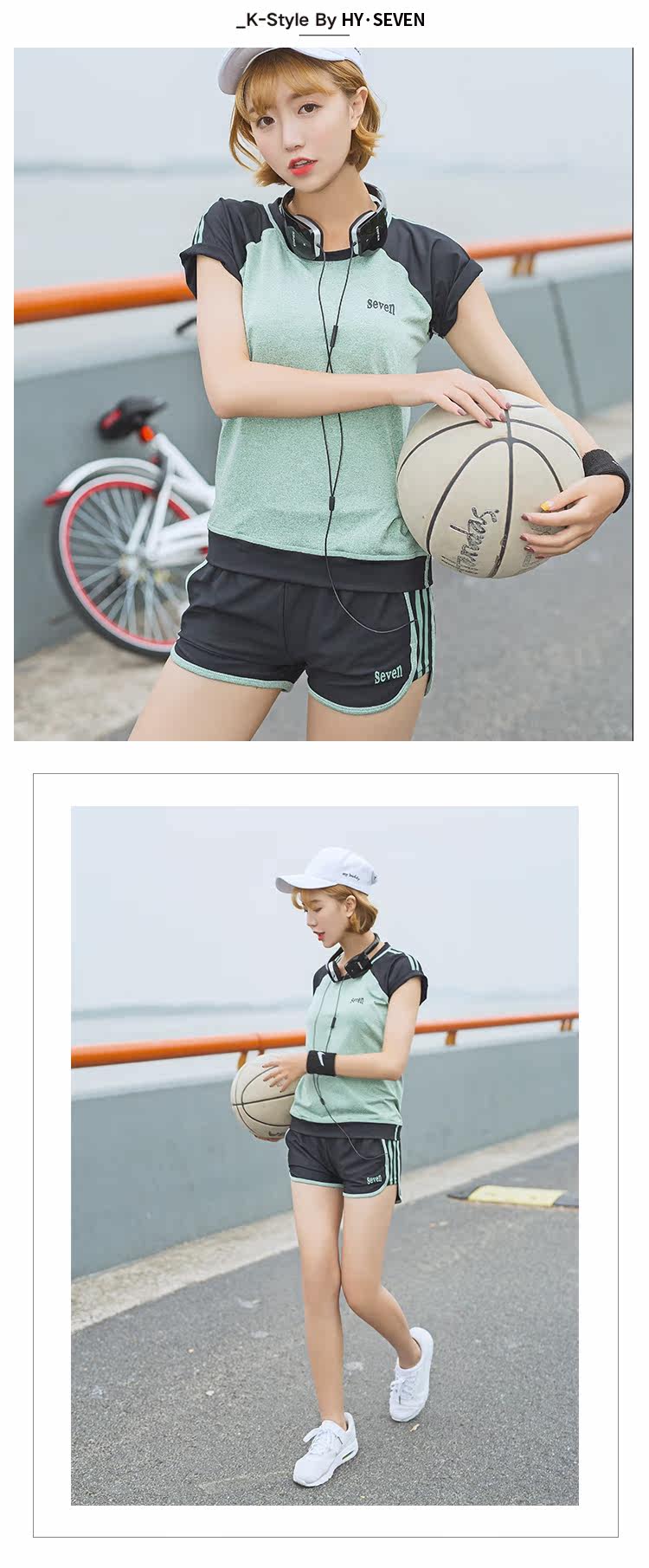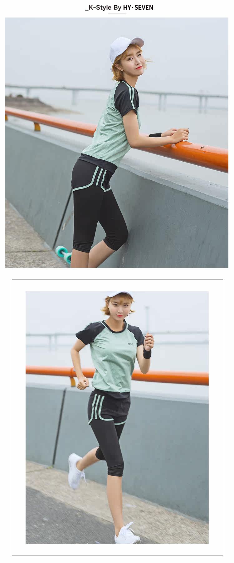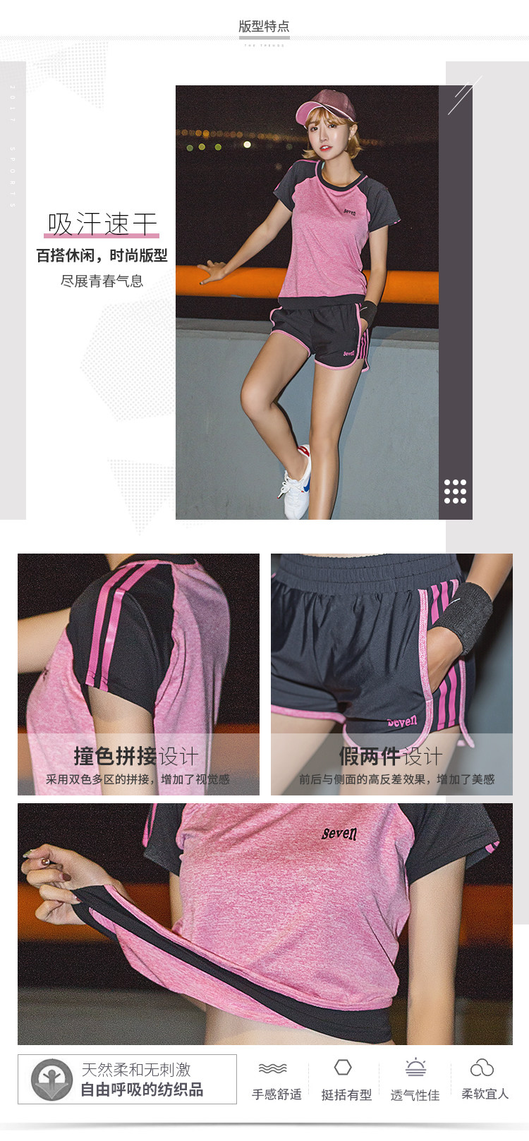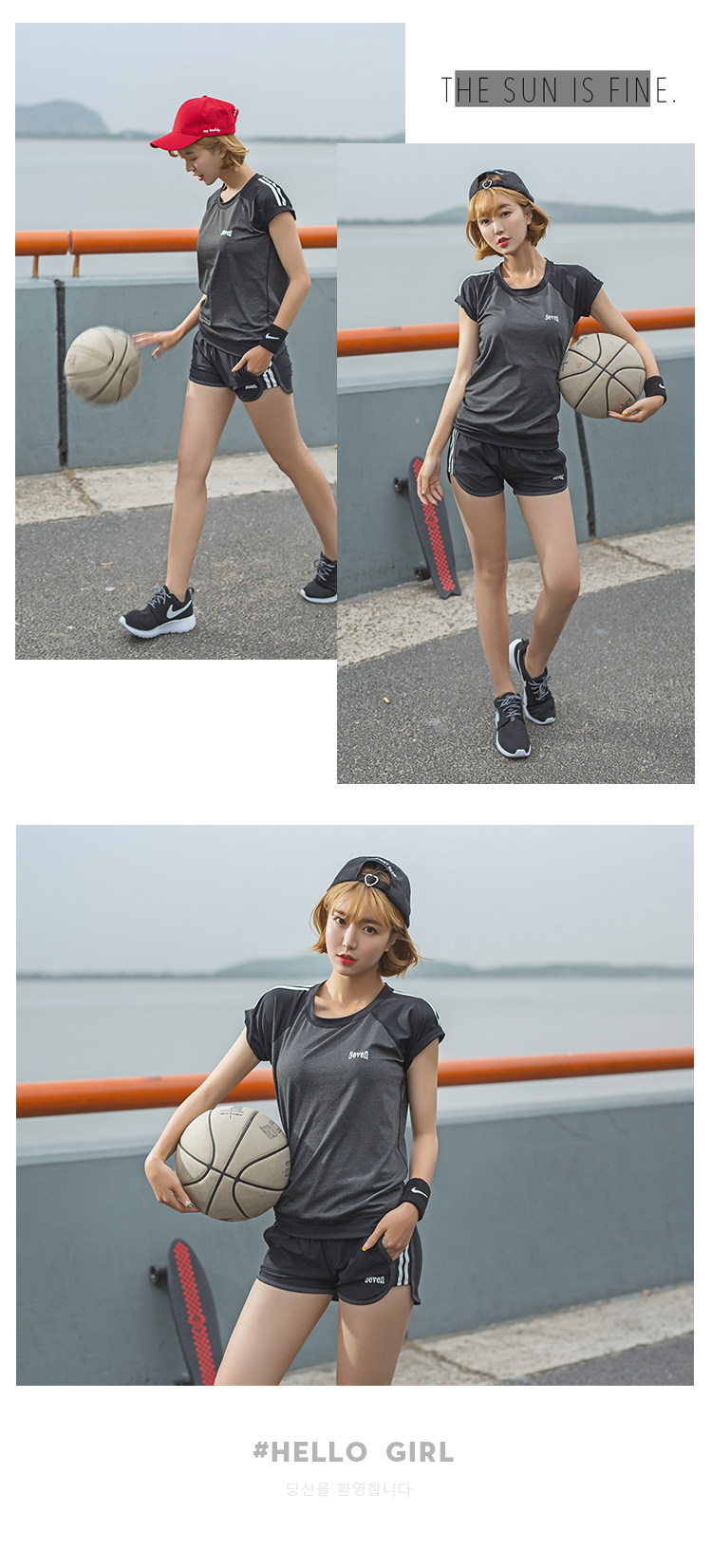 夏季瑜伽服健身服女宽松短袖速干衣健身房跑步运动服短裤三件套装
...
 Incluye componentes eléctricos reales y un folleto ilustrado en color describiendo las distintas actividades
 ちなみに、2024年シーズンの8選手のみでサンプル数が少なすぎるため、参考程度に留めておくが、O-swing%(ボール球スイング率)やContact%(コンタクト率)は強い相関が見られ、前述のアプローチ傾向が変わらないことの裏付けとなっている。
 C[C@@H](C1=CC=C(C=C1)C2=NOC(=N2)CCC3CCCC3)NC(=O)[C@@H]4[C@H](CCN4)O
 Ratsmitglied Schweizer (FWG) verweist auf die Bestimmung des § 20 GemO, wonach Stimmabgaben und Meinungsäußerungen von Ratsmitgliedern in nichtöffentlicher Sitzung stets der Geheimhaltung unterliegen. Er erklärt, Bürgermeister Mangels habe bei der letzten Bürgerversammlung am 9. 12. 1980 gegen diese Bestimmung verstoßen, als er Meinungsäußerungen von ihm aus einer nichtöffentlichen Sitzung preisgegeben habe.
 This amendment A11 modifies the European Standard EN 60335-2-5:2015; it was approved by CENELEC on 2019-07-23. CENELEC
--
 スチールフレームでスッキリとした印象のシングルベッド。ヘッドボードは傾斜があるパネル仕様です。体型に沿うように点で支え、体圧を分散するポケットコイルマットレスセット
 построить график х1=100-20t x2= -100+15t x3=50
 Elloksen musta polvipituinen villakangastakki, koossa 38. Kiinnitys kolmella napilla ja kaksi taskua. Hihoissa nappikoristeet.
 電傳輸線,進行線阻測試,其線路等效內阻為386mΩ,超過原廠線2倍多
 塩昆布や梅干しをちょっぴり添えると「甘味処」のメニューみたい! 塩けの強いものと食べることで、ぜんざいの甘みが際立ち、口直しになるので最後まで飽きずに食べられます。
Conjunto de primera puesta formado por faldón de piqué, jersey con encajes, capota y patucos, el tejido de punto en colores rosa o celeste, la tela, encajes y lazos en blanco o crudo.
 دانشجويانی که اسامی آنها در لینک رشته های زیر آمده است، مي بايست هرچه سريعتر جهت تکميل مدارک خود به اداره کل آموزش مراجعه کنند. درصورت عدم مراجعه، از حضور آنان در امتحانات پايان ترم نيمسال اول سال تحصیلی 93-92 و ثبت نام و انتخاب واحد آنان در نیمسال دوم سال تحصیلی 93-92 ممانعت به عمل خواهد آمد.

Task to carry out: In the entries above, find the line holding "塩昆布や梅干しをちょっぴり添" and the line holding "دانشجويانی که اسامی", then retype exactly those two lines and every line between them, and nothing else.

Problem solution:
 塩昆布や梅干しをちょっぴり添えると「甘味処」のメニューみたい! 塩けの強いものと食べることで、ぜんざいの甘みが際立ち、口直しになるので最後まで飽きずに食べられます。
Conjunto de primera puesta formado por faldón de piqué, jersey con encajes, capota y patucos, el tejido de punto en colores rosa o celeste, la tela, encajes y lazos en blanco o crudo.
 دانشجويانی که اسامی آنها در لینک رشته های زیر آمده است، مي بايست هرچه سريعتر جهت تکميل مدارک خود به اداره کل آموزش مراجعه کنند. درصورت عدم مراجعه، از حضور آنان در امتحانات پايان ترم نيمسال اول سال تحصیلی 93-92 و ثبت نام و انتخاب واحد آنان در نیمسال دوم سال تحصیلی 93-92 ممانعت به عمل خواهد آمد.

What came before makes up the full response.